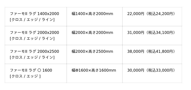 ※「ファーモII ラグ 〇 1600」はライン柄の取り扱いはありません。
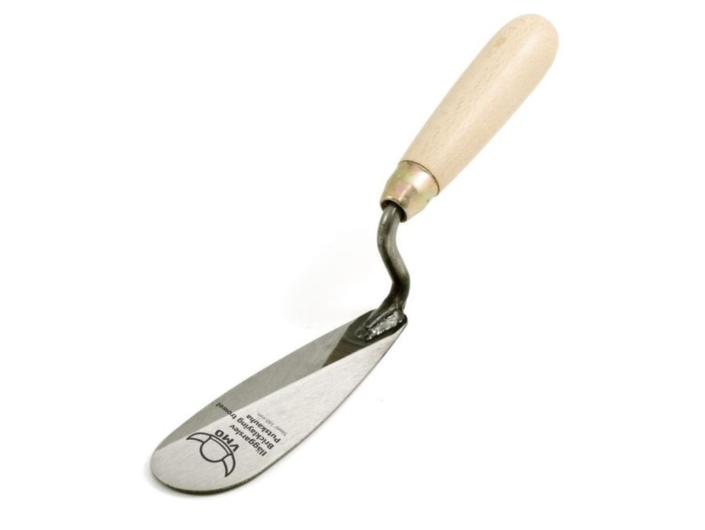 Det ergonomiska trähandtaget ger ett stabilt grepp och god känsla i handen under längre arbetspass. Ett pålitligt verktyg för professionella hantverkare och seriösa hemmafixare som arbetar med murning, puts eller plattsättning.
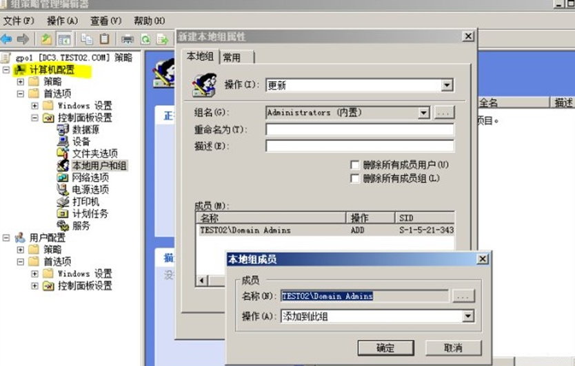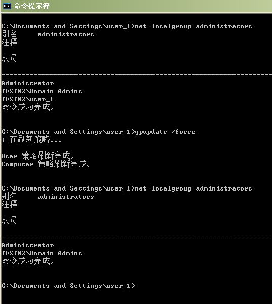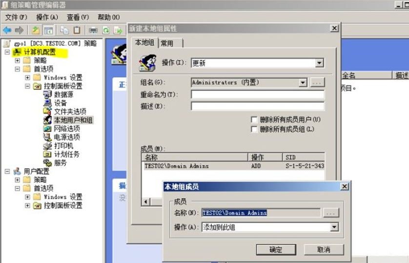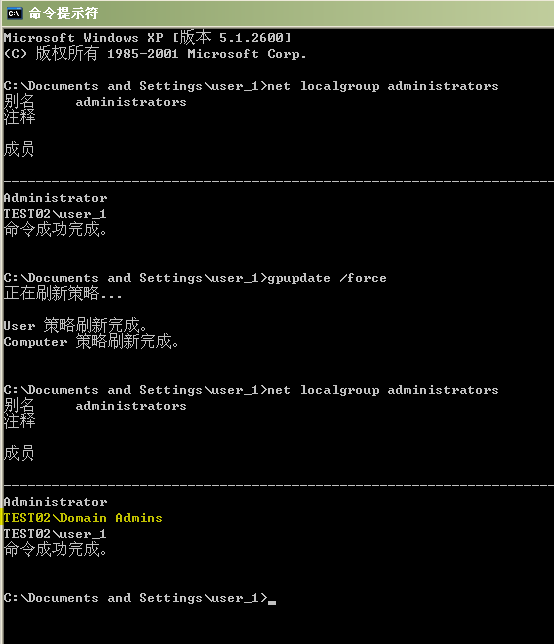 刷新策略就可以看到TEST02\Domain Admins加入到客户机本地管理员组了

◇ ◇ ◇ ◇ ◇ ◇ ◇

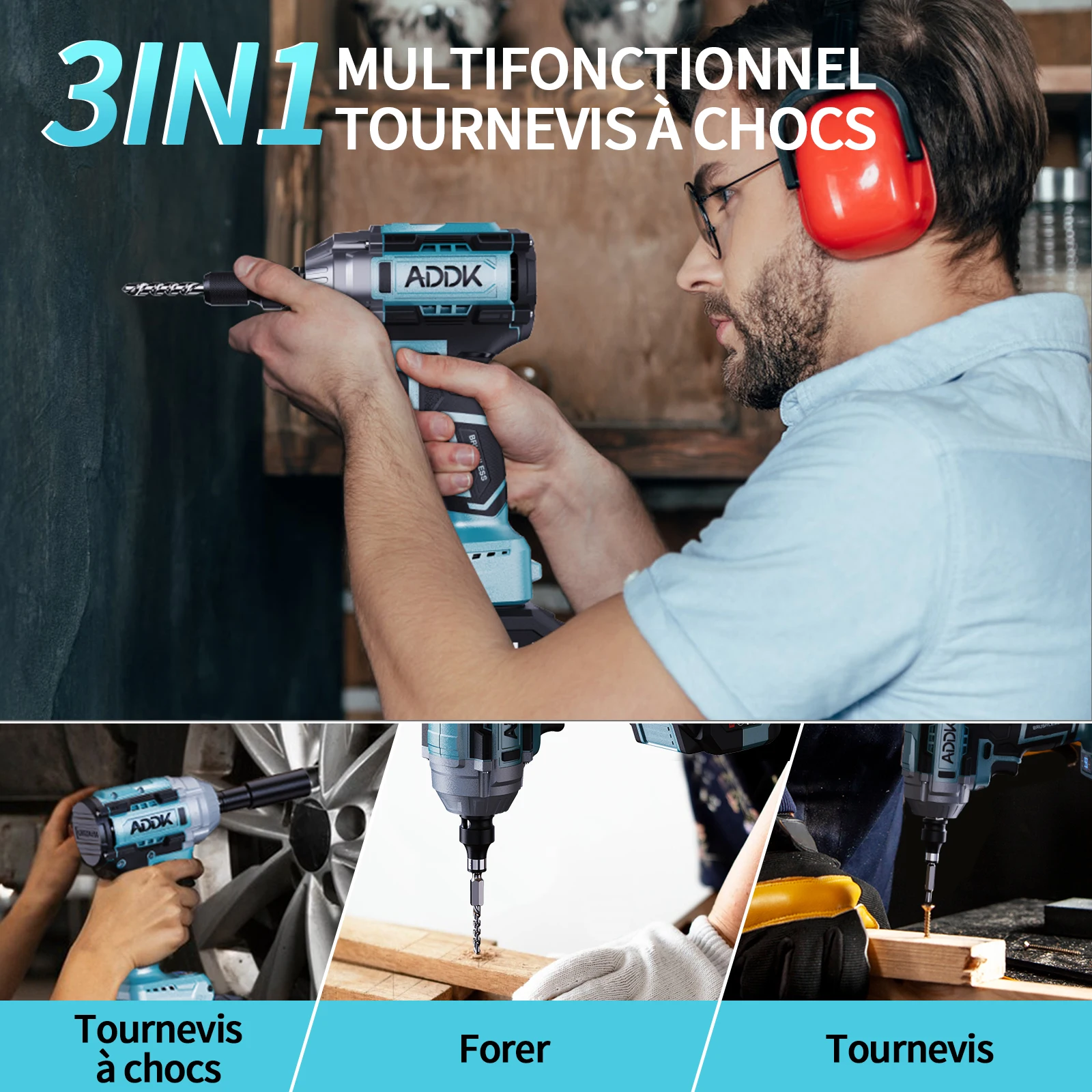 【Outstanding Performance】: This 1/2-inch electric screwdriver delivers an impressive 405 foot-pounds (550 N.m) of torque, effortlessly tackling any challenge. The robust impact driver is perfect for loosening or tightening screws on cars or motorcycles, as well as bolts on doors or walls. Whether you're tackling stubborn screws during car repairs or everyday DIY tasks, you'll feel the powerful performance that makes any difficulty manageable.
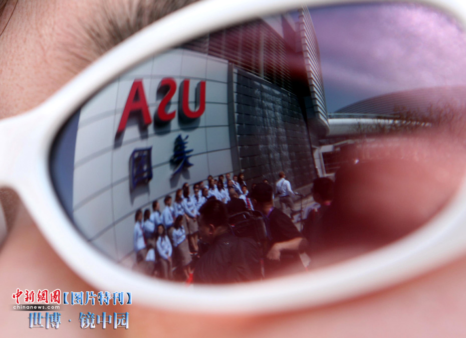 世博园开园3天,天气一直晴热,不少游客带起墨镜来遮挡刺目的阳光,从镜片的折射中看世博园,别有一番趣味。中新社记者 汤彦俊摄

◇ ◇ ◇ ◇ ◇ ◇ ◇

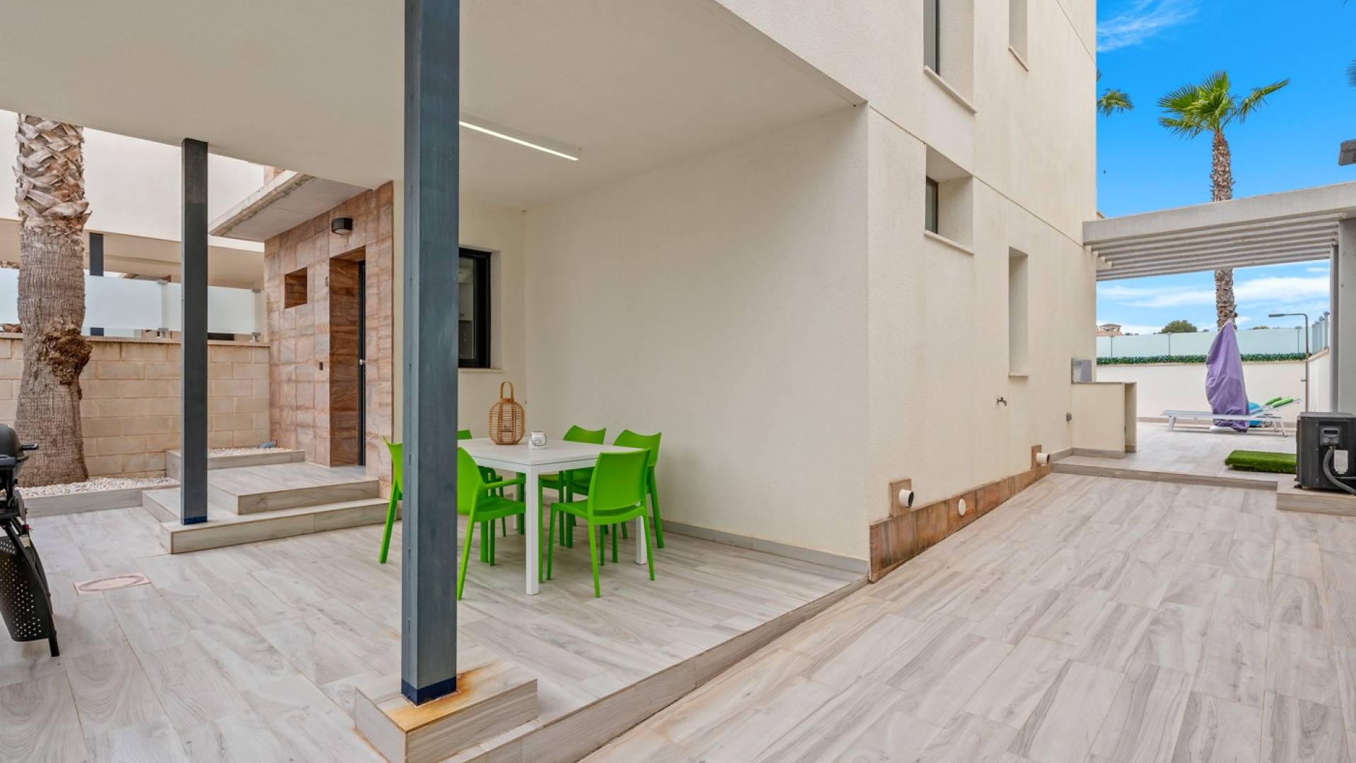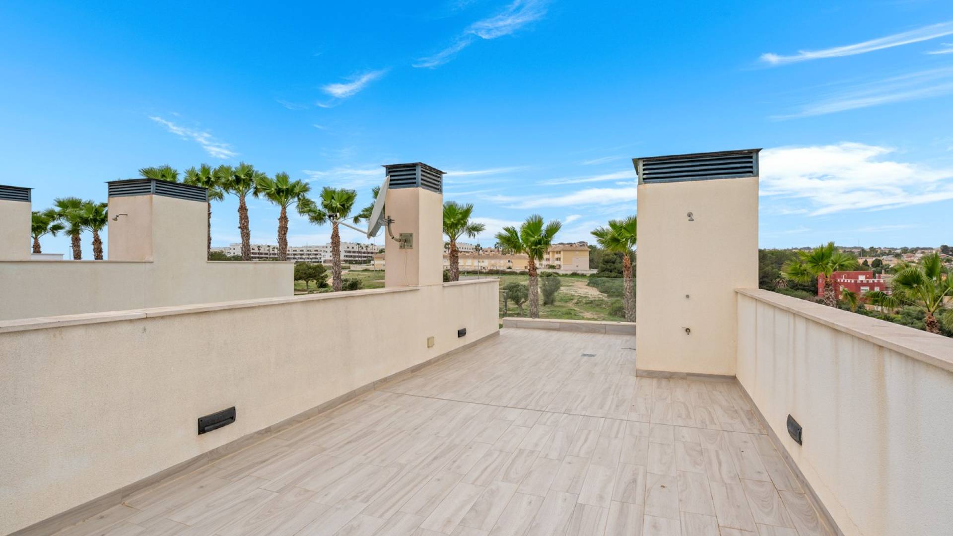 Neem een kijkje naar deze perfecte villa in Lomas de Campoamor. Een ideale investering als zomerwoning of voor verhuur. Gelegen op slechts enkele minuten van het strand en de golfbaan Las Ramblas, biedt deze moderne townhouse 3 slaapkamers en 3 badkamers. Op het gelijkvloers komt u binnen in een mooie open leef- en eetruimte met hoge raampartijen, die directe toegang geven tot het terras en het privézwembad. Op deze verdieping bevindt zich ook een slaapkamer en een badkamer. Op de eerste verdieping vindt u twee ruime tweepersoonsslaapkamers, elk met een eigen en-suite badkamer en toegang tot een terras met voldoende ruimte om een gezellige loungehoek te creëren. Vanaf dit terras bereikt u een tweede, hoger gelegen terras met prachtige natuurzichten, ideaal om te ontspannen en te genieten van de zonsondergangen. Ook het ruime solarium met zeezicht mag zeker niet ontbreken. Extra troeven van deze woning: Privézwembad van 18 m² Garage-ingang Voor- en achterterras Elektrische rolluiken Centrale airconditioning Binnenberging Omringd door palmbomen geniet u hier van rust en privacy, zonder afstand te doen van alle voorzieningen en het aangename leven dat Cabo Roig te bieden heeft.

◇ ◇ ◇ ◇ ◇ ◇ ◇

• [Exercise directions] For the entries above, print exactly the lines between the one with "ラグ 〇 1600」はライン柄の取り扱いはありません。" and the one with "刷新策略就可以看到TEST0", inclusive, with no pictures.

• [Solved problem]
 ※「ファーモII ラグ 〇 1600」はライン柄の取り扱いはありません。
 Det ergonomiska trähandtaget ger ett stabilt grepp och god känsla i handen under längre arbetspass. Ett pålitligt verktyg för professionella hantverkare och seriösa hemmafixare som arbetar med murning, puts eller plattsättning.
 刷新策略就可以看到TEST02\Domain Admins加入到客户机本地管理员组了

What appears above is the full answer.